Content starts

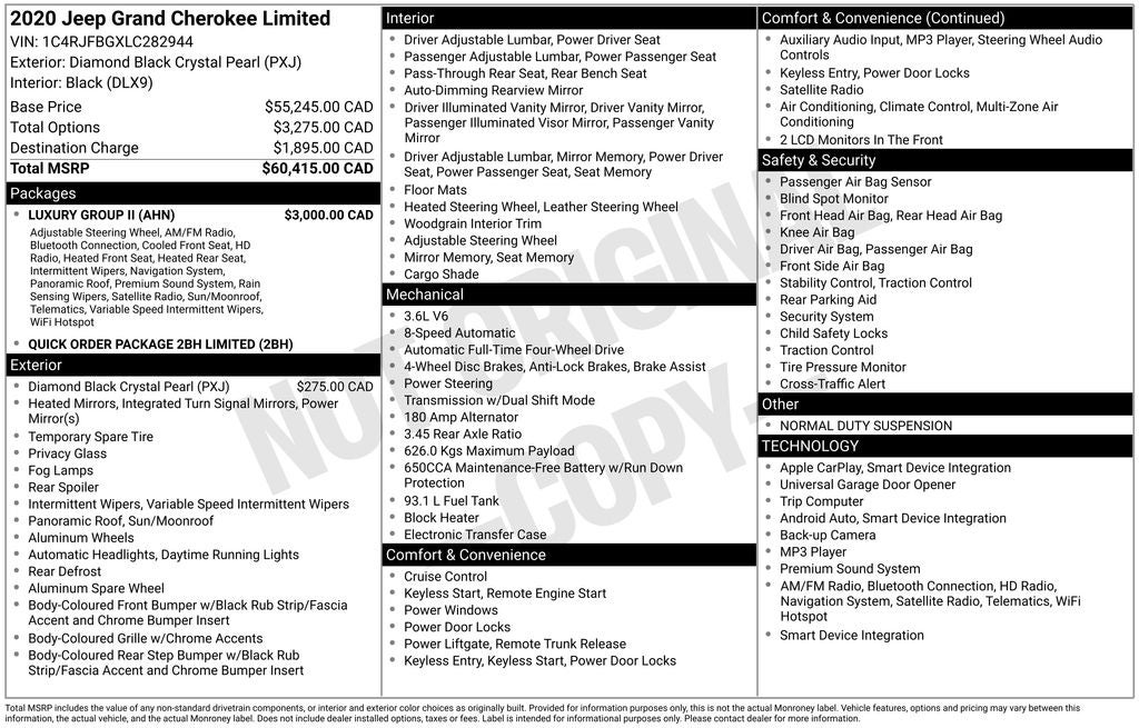 2020 Jeep Grand Cherokee Limited Dual-Pane Panoramic Sunroof
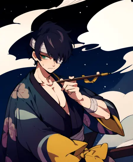 권장 프롬프트: 1boy, green eyes, short hair, black hair, solo, japanese clothes, kimono, hair over one eye, bandages, bandage over one eye, male focus, holding smoking pipe
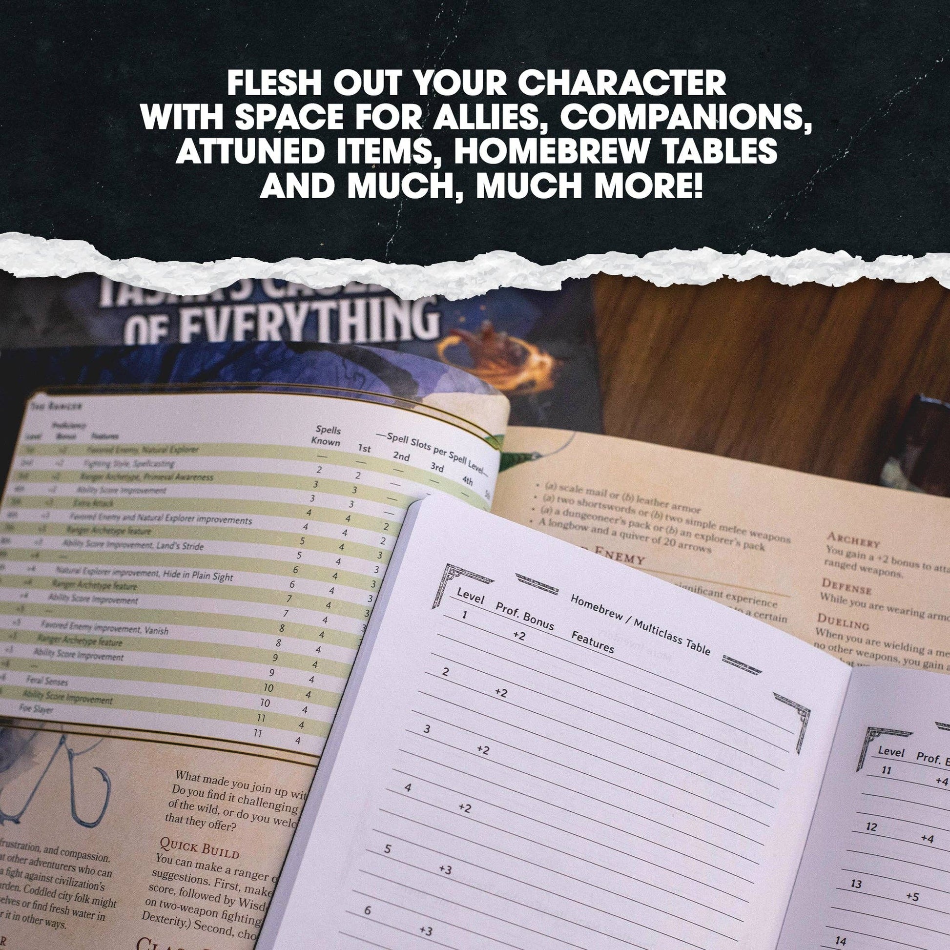 Time to level up your Dungeons & Dragons adventure with our Player’s Journal for 5e. Make and track every aspect of your character throughout an entire campaign. Features stylish art, equipment tracking, a spell section and a massive notes section so you won't forget any important detail. Great for new and experienced players alike.
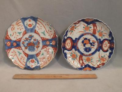 2 ANTIQUE JAPANESE IMARI MEIJI PERIOD 8.5" SCALLOPED PLATES #4 FLOWERING URNS
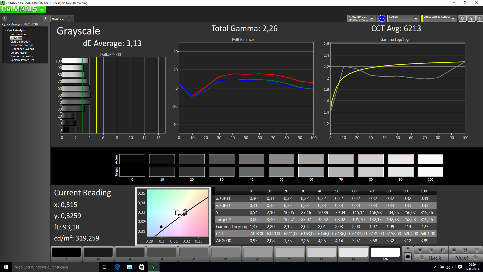 ΔE Greyscale Calman: 3.13 | ∀{0.09-98 Ø5}
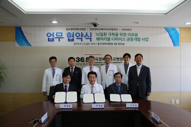 한양대 ERICA캠퍼스 로봇공학과 박태준 교수 연구팀이 칠곡경북대병원(병원장 박재용) 뇌신경센터 연구팀(이호원·강경훈·고판우 교수)과 5월 13일 바이오메디컬 장비기업인 ㈜라온즈(대표 신상용)와 공동으로 ‘노인성 뇌질환 진단 및 치료용 웨어러블 디바이스 개발’을 위한 업무협약을 체결했다고 31일 밝혔다. 또한 한양대 연구팀과 ㈜라온즈는 식품안전 등 생활환경 종합 안전진단을 위한 웨어러블 디바이스 개발을 공동으로 추진하기로 했다.
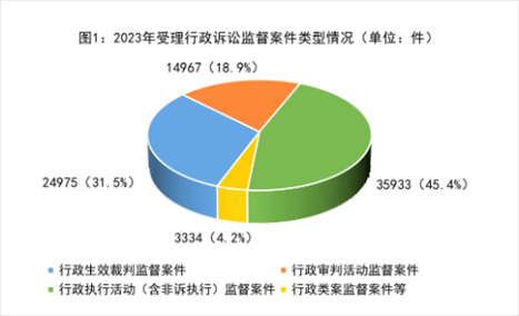 1.行政檢察監(jiān)督職能全面發(fā)展。一方面,訴訟內(nèi)監(jiān)督進一步強化。2023年全國檢察機關(guān)共受理行政訴訟監(jiān)督案件79209件,其中,行政生效裁判監(jiān)督案件24975件,占比31.5%;行政審判活動監(jiān)督案件14967件,占比18.9%;行政執(zhí)行活動(含非訴執(zhí)行)監(jiān)督案件35933件,占比45.4%;行政類案監(jiān)督等案件3334件,占比4.2%。另一方面,“訴訟外”監(jiān)督實現(xiàn)新突破。2023年辦理行刑反向銜接案件中對被不起訴人應受行政處罰的提出檢察意見11.3萬人,辦理行政違法行為監(jiān)督案件提出檢察建議3.2萬件。行政檢察各項職能發(fā)展更加全面、更加協(xié)調(diào)。針對行政訴訟、行政執(zhí)法和執(zhí)行活動存在的問題,以抗訴、檢察建議等方式提出監(jiān)督意見17.4萬件。

Content ends

Among the entries above, take the line with "2 ANTIQUE JAPANESE", the line with "한양대 ERICA캠퍼스 로봇공학과", and all the lines between them, and restate them word for word without pictures.

 2 ANTIQUE JAPANESE IMARI MEIJI PERIOD 8.5" SCALLOPED PLATES #4 FLOWERING URNS
 ΔE Greyscale Calman: 3.13 | ∀{0.09-98 Ø5}
 한양대 ERICA캠퍼스 로봇공학과 박태준 교수 연구팀이 칠곡경북대병원(병원장 박재용) 뇌신경센터 연구팀(이호원·강경훈·고판우 교수)과 5월 13일 바이오메디컬 장비기업인 ㈜라온즈(대표 신상용)와 공동으로 ‘노인성 뇌질환 진단 및 치료용 웨어러블 디바이스 개발’을 위한 업무협약을 체결했다고 31일 밝혔다. 또한 한양대 연구팀과 ㈜라온즈는 식품안전 등 생활환경 종합 안전진단을 위한 웨어러블 디바이스 개발을 공동으로 추진하기로 했다.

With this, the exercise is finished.